“This article has participated in the good article call order activity, click to see: back end, big front end double track submission, 20,000 yuan prize pool for you to challenge!”
(Pure author's personal cognition, if there is insufficient, welcome to correct)
1. What is Spark SQL?
SQL: Briefly mentioned, SQL is structured query language, divided into DDL, DML, DCL, DQL, namely definition, management, control (permission), query. It can be used to query structured data, or structured data (because structured data is typically stored in a relational database) supports SQL operations.
Spark SQL: Spark that supports SQL operations. The implementation of SQL support.
A table is simply an abstract description of structured data and files. File system development, the emergence of the database system, the database system has a relational database, relational database has the definition of the schema, and then the concept of the table.
2. Start with Hive MapReduce
Note: You can use more than just mysql to store metadata for persistence.

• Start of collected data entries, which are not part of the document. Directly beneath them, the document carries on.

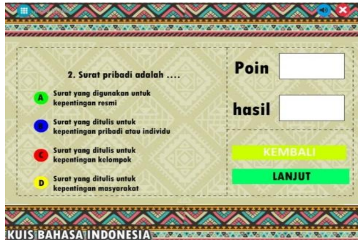
Figure 3. Source Addition, dan Image on reading cover
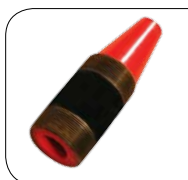
DETAIL: The Mud Gun Discharge Nozzle.
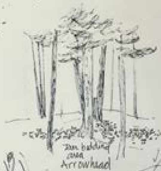
San holding area Arrowhead
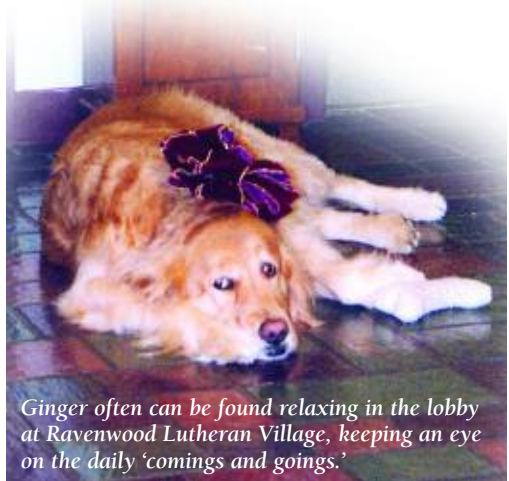
Ginger often can be found relaxing in the lobby at Ravenwood Lutheran Village, keeping an eye on the daily 'comings and goings.'

Volunteers serve in immeasurable ways, but rarely has a volunteer been able to help so much by doing so little—but that's Ginger's specialty.
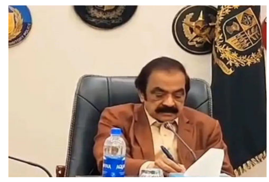
TPN Correspondent \mid Delhi

A senior Pakistani politician has revealed that during the recent India-Pakistan military standoff, the Pakistan Armed Forces had only 30 to 45 seconds to determine whether an incoming Indian BrahMos missile carried a nuclear warhead—a window that could have triggered a catastrophic response.
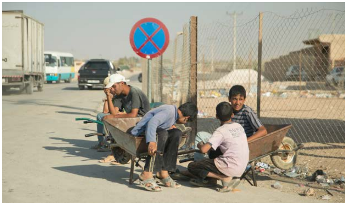
Syrian refugees sit with their wheelbarrows outside the gate of Za'atari refugee camp, waiting for odd jobs pushing loads.

families, it is often not possible to find a way for children to stop working. In such situations, case managers also interact directly with children's employers to minimize the risks they face in the workplace. This can include providing materials to improve their safety at work and negotiating with employers to ensure they can access at least informal education alongside work.
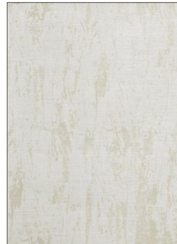
ARBORE 3 COLORWAYS (H0 6460)
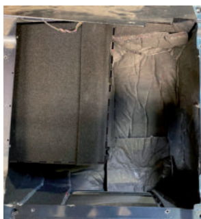
(Also suitable for built-in safe) (Note loss of space!)
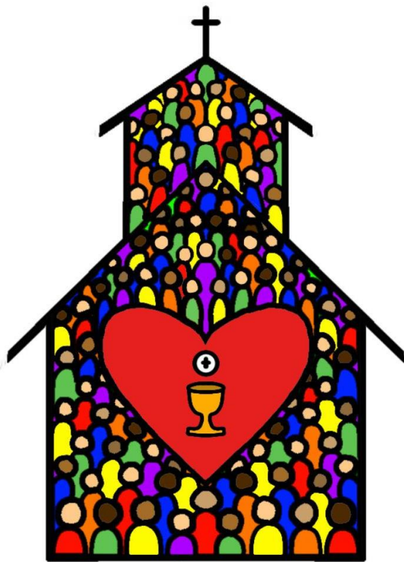
The Bethany Group
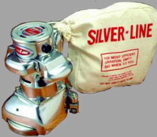
THE SL7 EDGER 7" 1.5HP 3600 RPM Disc Speed, two brushes, Heavy Duty Aluminum construction for long life in rental! (also available in 220v)

Terms: Cli refers to the command line interface (the inputting command that hive starts). Driver refers to a role in Hive, which can be understood as driving metastore. Metadata management in Hive Metadata can be regarded as the description of data and data structures. For example, all the data defined for a table in mysql is metadata
SQL commands are parsed, optimized, and executed by Hive. During execution, hive uses metadata management to search for the corresponding SQL keyword metadata. Metadata management stores all metadata in mysql. If the corresponding metadata is found on the CLI and matches the SQL statement, convert the SQL into a MapReduce program and request YARN to obtain resources. After the resources are obtained, the mapReduce program is sent for execution. The execution result can be stored in hbase or HDFS. Hbase serves as the storage layer based on HDFS. The execution result is displayed on the CLI window. (This is the early hive — SQL)

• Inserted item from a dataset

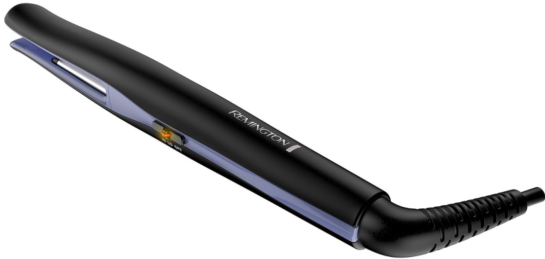
Image: The Remington CI41T1 Professional 2-in-1 Plate Guided Hair Curler & Touch Up Straightener, showcasing its sleek black and purple design.
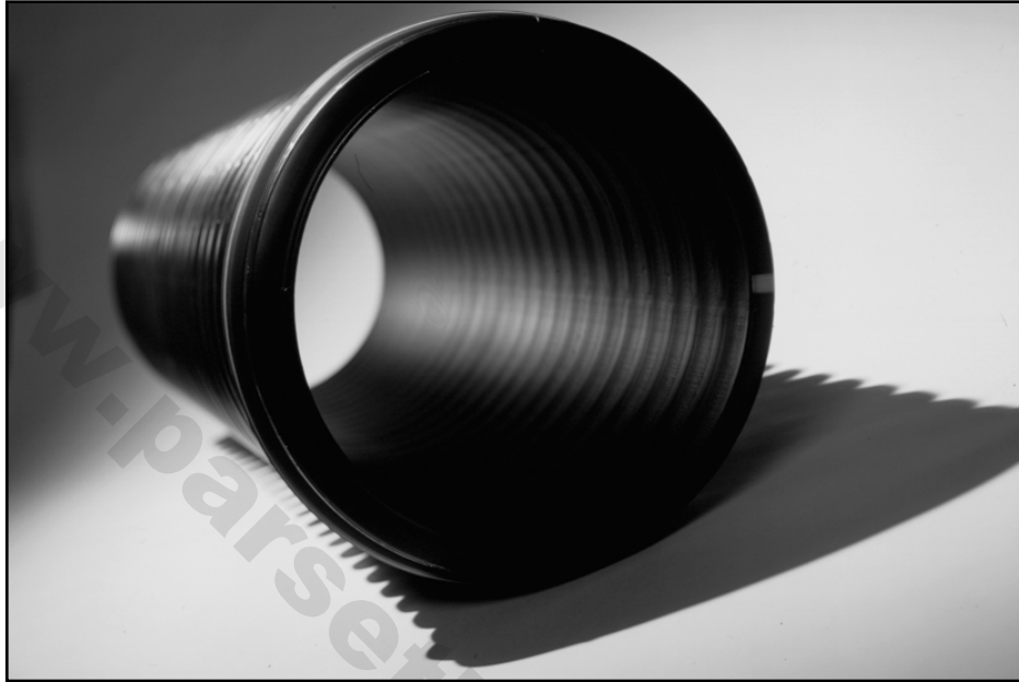
Figure 3-2: Type S HDPE Pipe with Corrugated Exterior and Smooth Interior

Pipe manufacturers provide various pipe joining methods depending on the pipe style and project requirements. Coupling bands, with or without a gasket, wrap around the pipe and are secured with plastic ties. Gasketed bell and spigot joints are also widely used. Nonrated and nonpressure tested watertight joints are suitable for the majority of nonpressure (gravity flow) drainage applications and typically do not experience significant leakage. For environmental and other reasons, most manufacturers also have a pressure-rated watertight joint suited for nonpressure applications. Joints are rated at either 10.8 psi or 5.0 psi when tested in accordance with ASTM D 3212.

3. In Hive operations, replace MapReduce with Spark
When Map Reduce is exposed to more and more problems, spark is introduced to optimize some of mapReduce’s shortcomings. In this case, of course, it needs to support hive access. SQL is converted to Spark for execution. However, Spark is an RDD data model. Many SQL optimizations performed by Hive cannot be further optimized at the spark execution level. Of course, spark must be adjusted accordingly when Hive changes, and many problems are exposed.
4. Spark supports SQL phases
In the end, Spark SQL directly supports SQL to Spark program execution. At this time, its SQL optimization can be further optimized. However, MetaStore of Hive and Catalog of decoupling layer are still used for metadata management. This can be temporary metadata management. At the bottom level of Spark SQL, spark core apis and native operators are invoked to implement the execution of SQL to Spark.